6

Hasta la noche siguiente Kate no le preguntó por qué no funcionaba el teléfono ni Internet. Durante la mañana y la tarde no había parado de escribir y hasta última hora no se había preocupado de mirar el correo.

—Voy a ver —dijo él, y se puso a mirar las conexiones del teléfono y del ordenador sin encontrar nada—. Mañana puedo ir al pueblo y decirle al técnico que venga a ver qué pasa.

—Entonces volveré a perder medio día. Espera un poco. A veces las cuestiones técnicas se arreglan solas.

Como dos días después las cuestiones técnicas no se habían arreglado, Kate le urgió:

—Si mañana vas al pueblo, pregunta también si no hay alguna otra red que tenga cobertura aquí. Sin móvil no se puede estar.

A los dos les había alegrado al principio que, tanto en la casa como en el resto de la finca, no hubiera cobertura para el móvil, y no estar localizables y disponibles en todo momento; no contestar al teléfono fijo a determinadas horas y carecer de contestador automático; no recibir las cartas en casa sino irlas a buscar al correo… ¿Y ahora Kate quería un móvil?

Estaban ya en la cama y Kate apagó la luz.

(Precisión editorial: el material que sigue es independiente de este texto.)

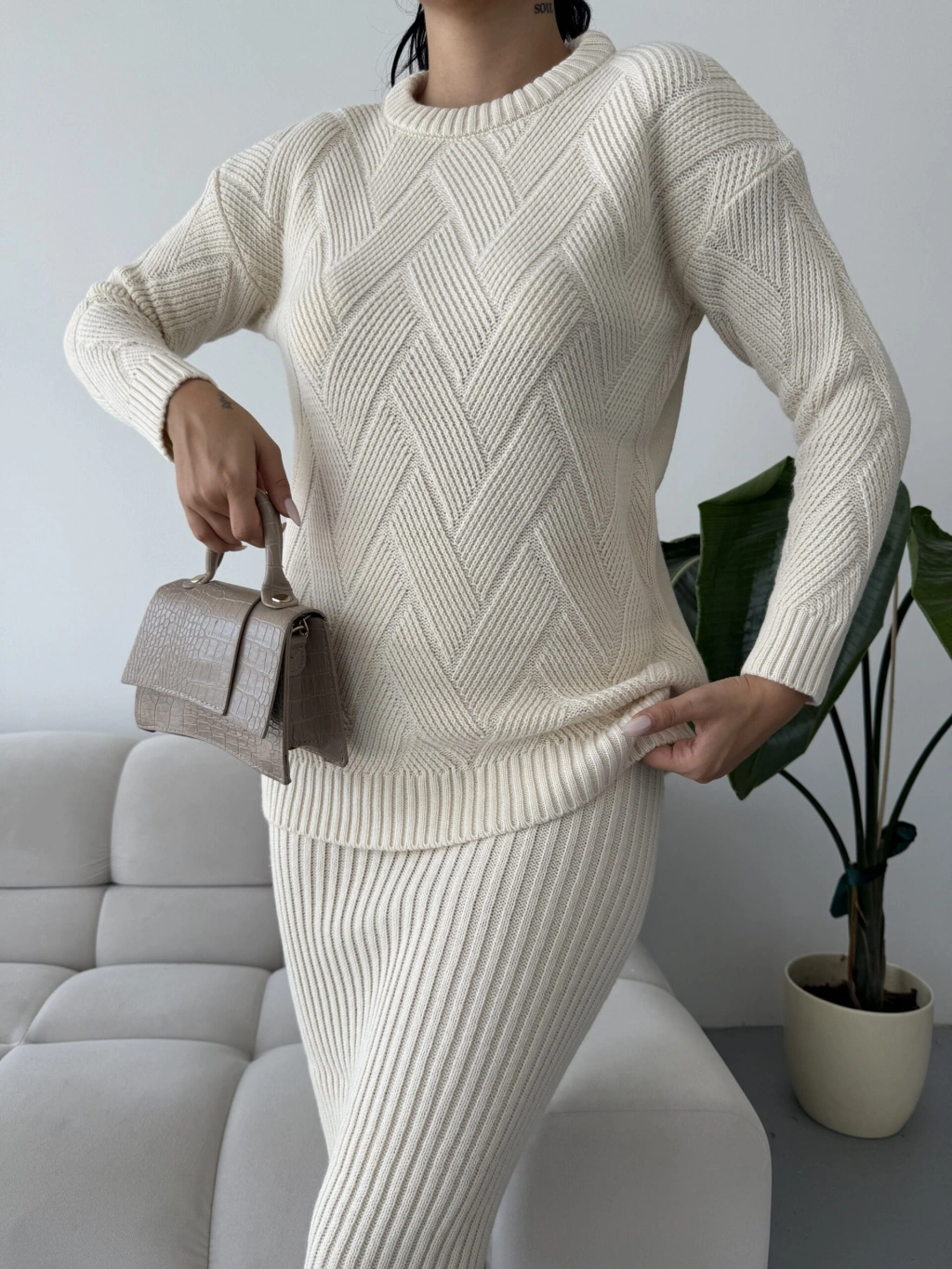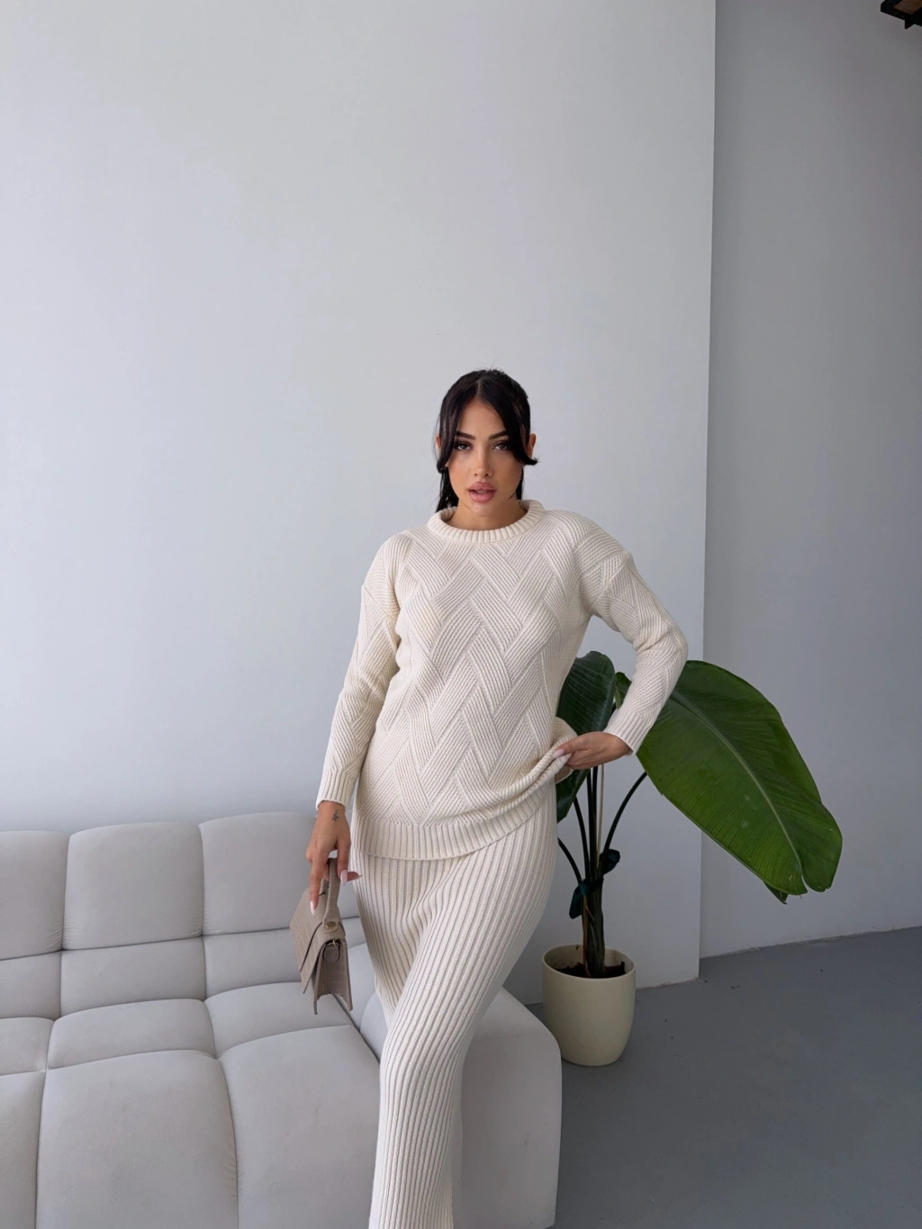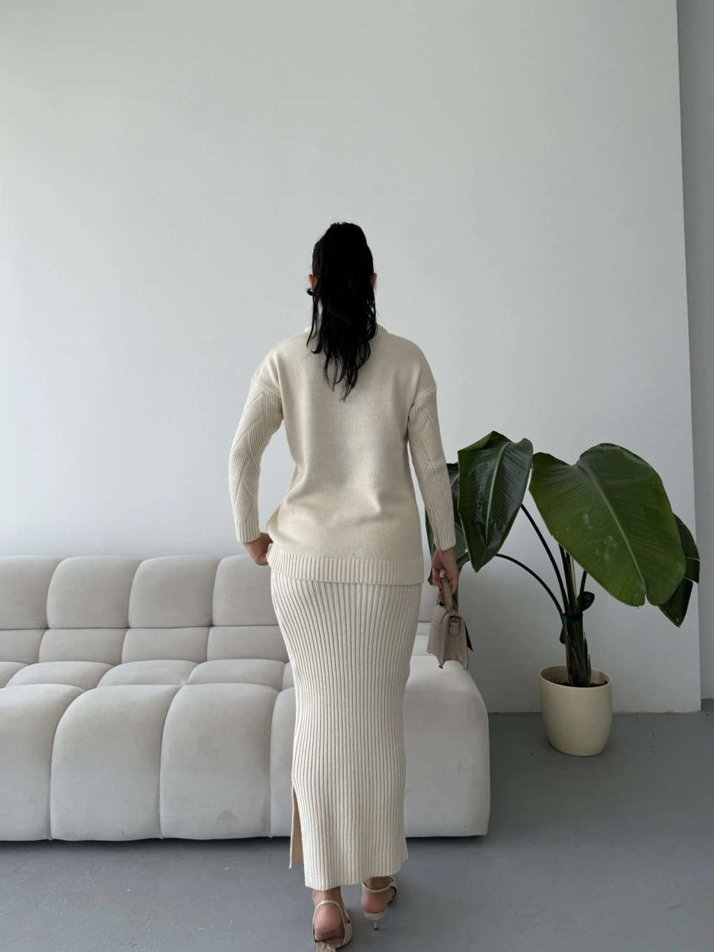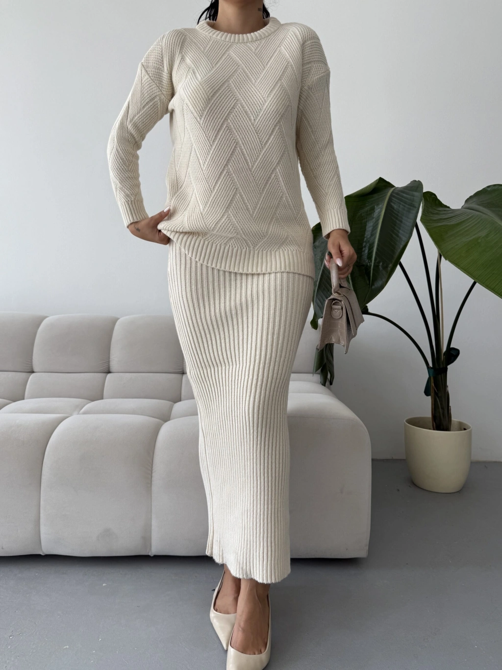 Ürün İçeriği: %30 Yün %70 Akrilik Model Bedeni: (S/M Beden) Eu:36-38 Us:4-6 Ürün Ölçüleri:Üst Hırka: Boy: 72 cm - En: 48 cm - Kol Boyu: 45 cm - Omuz: 52 cmAlt Etek: Boy: 102 cm - Bel: 25 cm - Basen: 30 cm

Él volvió a encenderla.

—¿De verdad quieres que esto sea como Nueva York?

Como ella no decía nada, no supo si es que no había entendido su pregunta o si no tenía ganas de contestar.

—Quiero decir que…

—Nuestra vida sexual funcionaba en Nueva York mejor que aquí. Allí estábamos ávidos el uno del otro. Aquí somos como una pareja de viejos, cariñosos, pero sin ninguna pasión. Es como si la hubiéramos perdido.

Él se enfadó. Sí, su vida sexual era ahora más tranquila; más tranquila pero más profunda. En Nueva York a menudo se lanzaban uno en brazos del otro voraces y presurosos, y aquello tenía su aliciente igual que lo tenía la voraz y presurosa vida en la ciudad. Su vida sexual era como su vida en general, tanto aquí como allá, y si Kate ansiaba la voracidad y la precipitación, puede que no fuera sólo en lo tocante al sexo. ¿Habría necesitado la tranquilidad sólo para escribir el libro? Y ahora que lo había terminado, ¿querría terminar también con la vida en el campo? Ya no estaba enfadado. Tenía miedo.

—Me gustaría hacer el amor contigo más a menudo. Me encantaría irrumpir en tu cuarto y cogerte entre mis brazos y que tú enlazaras los tuyos alrededor de mi cuello, y llevarte a la cama y…

—Ya lo sé. No era eso lo que quería decir. Cuando acabe el libro, todo irá mejor. No te preocupes.

Kate se cobijó entre sus brazos e hicieron el amor. A la mañana siguiente, cuando él se despertó, ella ya estaba despierta y lo estaba mirando. Como no decía nada, también él se puso de lado y la miró, sin decir nada. No podía leer en sus ojos qué sentía o pensaba, e intentó que los suyos tampoco delataran su miedo. La noche anterior no se había creído que fuera cierto que no quería decir lo que había dicho y tampoco lo creía en ese momento. Su miedo estaba lleno de añoranza y de anhelo. El rostro de ella, con su frente despejada, el trazo altivo de sus cejas sobre sus ojos oscuros, su nariz larga, su boca generosa y su barbilla, que estirada, abombada o arrugada expresaba su estado de ánimo, era el paisaje con el que su sentimiento amoroso se sentía cómodo. Ella estaba contenta y se sentía cómoda cuando su rostro se abría y se volvía hacia él, y angustiada cuando su rostro se cerraba y lo rechazaba. Es un rostro nada más, pensó, y sin embargo contiene cuanto necesito y puedo digerir. Sonrió. Ella seguía mirándole muda y seria, pero le echó un brazo por la espalda y lo atrajo hacia sí.